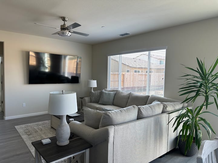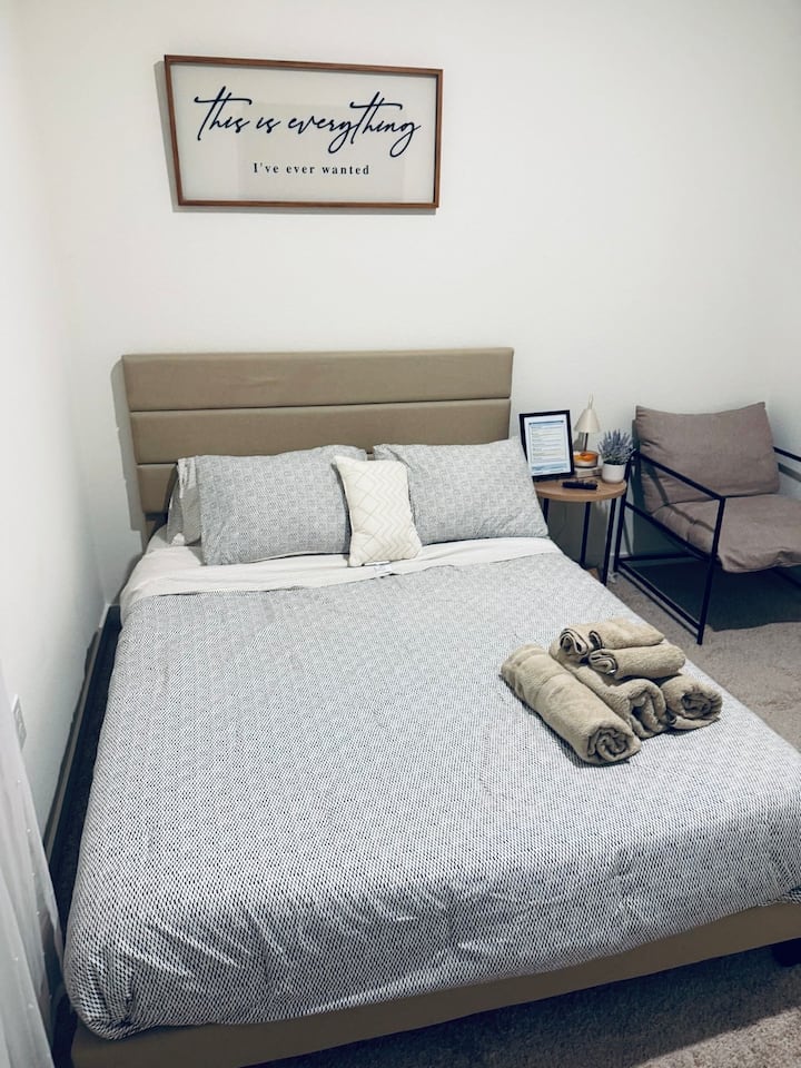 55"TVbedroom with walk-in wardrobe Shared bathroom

==

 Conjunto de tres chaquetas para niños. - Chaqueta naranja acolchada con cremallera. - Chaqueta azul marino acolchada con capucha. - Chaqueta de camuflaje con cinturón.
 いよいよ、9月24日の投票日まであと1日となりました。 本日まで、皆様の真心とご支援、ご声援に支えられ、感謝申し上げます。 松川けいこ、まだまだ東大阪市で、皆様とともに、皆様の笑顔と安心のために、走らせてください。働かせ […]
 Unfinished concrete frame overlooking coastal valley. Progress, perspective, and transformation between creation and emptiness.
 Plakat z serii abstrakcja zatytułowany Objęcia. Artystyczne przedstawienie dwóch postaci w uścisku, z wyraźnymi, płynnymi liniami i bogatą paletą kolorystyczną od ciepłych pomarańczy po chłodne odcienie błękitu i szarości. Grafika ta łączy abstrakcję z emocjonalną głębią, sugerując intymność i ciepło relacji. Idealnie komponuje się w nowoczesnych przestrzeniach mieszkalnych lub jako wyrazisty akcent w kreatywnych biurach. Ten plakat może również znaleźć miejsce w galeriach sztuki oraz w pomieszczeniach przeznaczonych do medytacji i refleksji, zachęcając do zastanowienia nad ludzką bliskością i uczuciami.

> [Assignment]: Your answer should be the lines above from the one containing "Unfinished concrete frame" through the one containing "Plakat z serii", copied exactly and with both ends kept.

> [Answer box]:
 Unfinished concrete frame overlooking coastal valley. Progress, perspective, and transformation between creation and emptiness.
 Plakat z serii abstrakcja zatytułowany Objęcia. Artystyczne przedstawienie dwóch postaci w uścisku, z wyraźnymi, płynnymi liniami i bogatą paletą kolorystyczną od ciepłych pomarańczy po chłodne odcienie błękitu i szarości. Grafika ta łączy abstrakcję z emocjonalną głębią, sugerując intymność i ciepło relacji. Idealnie komponuje się w nowoczesnych przestrzeniach mieszkalnych lub jako wyrazisty akcent w kreatywnych biurach. Ten plakat może również znaleźć miejsce w galeriach sztuki oraz w pomieszczeniach przeznaczonych do medytacji i refleksji, zachęcając do zastanowienia nad ludzką bliskością i uczuciami.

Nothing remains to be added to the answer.